Then I zoomed home from St. Johns, picked up my family, and we were privileged to attend the opening of the e-merge 2010 art exhibit at the Bullseye Gallery. Fellow writer and artist Greg Bell had a piece accepted into this prestigious show. All of the pieces were some kind of glass-work, of which I know nothing. My lack of knowledge of process allowed me to view each piece simply for its beauty, delicacy, and astounding visual impact. They were all stunning pieces. I was quite amazed by the iterations of form. Greg's piece was beautiful and, for me, evoked a thoughtful, timeless leap into what could be the origins of the universe.
Pretty heady stuff, the stimulation of words and art. I am moved by what opens up in response. We connect instinctively to those objects around us, even the most mundane items of our daily lives. It is why we buy souvenirs at the London Underground gift shop, keep the pens from the Hilton at the Walt Disney World Resort, save the photos of our last visit to the coast, and still have a cardboard box in the attic full of papers, trinkets and beer bottle caps from when we were in college.
I heard the term "sacred objects" from Stevan and Joanna Rose during a writing session at the Pinewood Table, but the theory is not new. Raymond Carver wrote about it in his essay "On Writing" (Fires, pg 15):
"It's possible, in a poem or a short story, to write about commonplace things and objects using commonplace but precise language, and to endow those things—a chair, a window curtain, a fork, a stone, a woman's earring—with immense, even startling power."
The secret, if that's what it could be called, is that the objects themselves are not what moves us; it is our own human context to which we respond. John Gardner wrote, "Fiction seeks out truth." (The Art of Fiction, pg 79) We respond to those great human truths that are the basis of all of human emotions as they filter down and are applied to our own experiences.
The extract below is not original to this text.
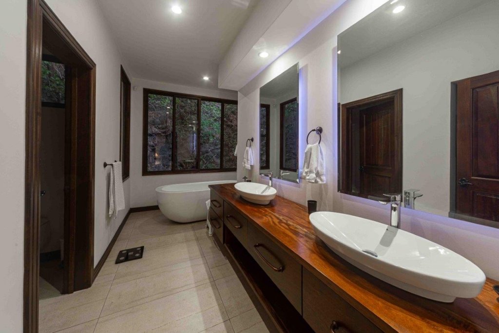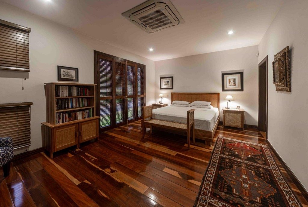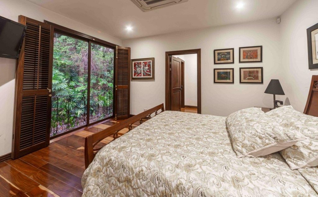 Las habitaciones son bastante amplias, todas con piso de madera y baño privado. La principal es especialmente cómoda, con bañera, buen espacio de clóset y ventanales corredizos que permiten disfrutar de la vista al jardín.

The glass Radio Flyer in the art exhibition touched my memory of the day I came home from the hospital with my second daughter and gifted my oldest, then two and a half years old, with her own red wagon to go along with her new baby sister. My emotional response was emphasized by the fact that both of these daughters stood with me at the gallery, grown now and in their early 20s, beautiful, unique, intelligent and creative. It was a sweeping feeling of joy and pride—deep emotions evoked by this single object of art.
John Gardner goes on (pg 80):
"Restating old truths and adapting them to the age, applying them in ways they were never before applied, stirring up emotion by the inherent power of narrative, visual image, or music, artists crack the door to the morally necessary future. The age-old idea of human dignity comes to apply even to the indigent, even to slaves, even to immigrants, now recently even to women."
(I laugh at this quote every time I read it because of the last phrase—but that is another tangent of thought.)
The objects that recur in my own writing are often simple—coffee cup, ring, candle, rolling pin—or those thrilling one-time discoveries of the unusual or unexpected that then become endowed with the power of the moment—rabbit's foot, found arrowhead, hand-tied marabou jig, or a single 9mm bullet scarred along the cap. What life-changing moments are attached to each of these sacred objects? To clarify the truths connected to those moments is the ongoing challenge.
I write forward with purpose, having worked through Gardner's exercise suggestions to the final one that is the last line of The Art of Fiction:
30. Write a fabulous story using anything you need.